Halo Effect
One positive trait colors the entire perception of a person.
Definition
The halo effect describes the tendency to let a general impression, often based on a single salient trait, color the evaluation of all other aspects of a person or thing. A professional judged as competent in one area will automatically be perceived as honest, reliable, and creative, even without any supporting evidence.
The term comes from the image of the religious halo: the light of one trait illuminates everything else. Edward Thorndike formalized it in 1920 by observing that military officers rated their soldiers consistently across all dimensions (intelligence, physique, leadership), even when those traits had no real correlation.
Why it matters
The halo effect deeply biases our professional and personal judgments. It explains why physically attractive candidates score higher in job interviews, why a charismatic speaker appears more competent than a quieter expert, and why premium brands seem better even when the product is objectively identical.

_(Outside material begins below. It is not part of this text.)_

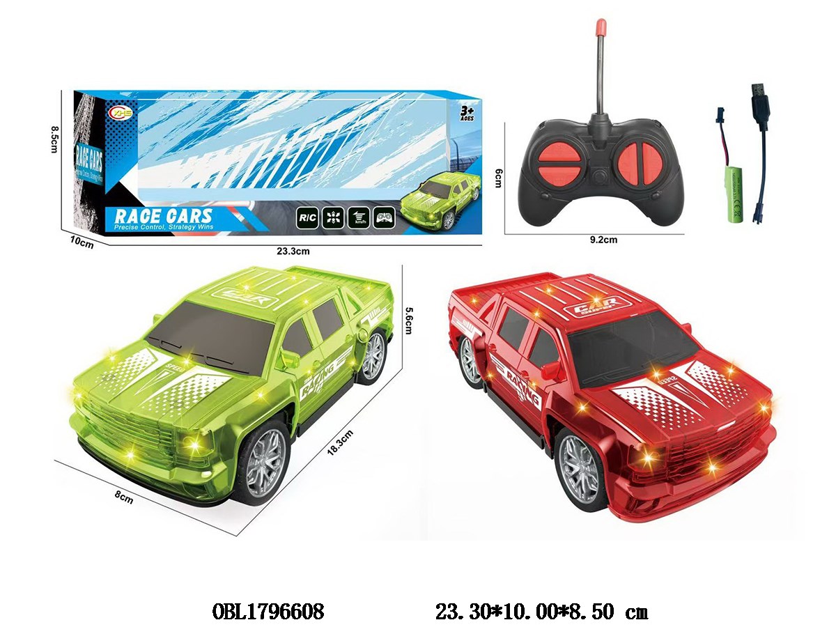 四通遥控透明车带灯光 配USB线 车身3.7V锂电池包电 遥控器2*AA不包电 27频率 2色混装

It is also the basis for the inverse, the horn effect, where one negative trait degrades the entire perception.
Concrete examples
Job interview: a well-dressed candidate is judged as more intelligent, regardless of their answers.
Apple: products from the brand are perceived as more reliable and innovative than equivalent competitors, thanks to brand halo.
Teacher evaluation: a teacher liked for their personality receives better evaluations of their content quality.
Charismatic CEO: assumed to have excellent strategic vision, a bias regularly exposed during corporate scandals.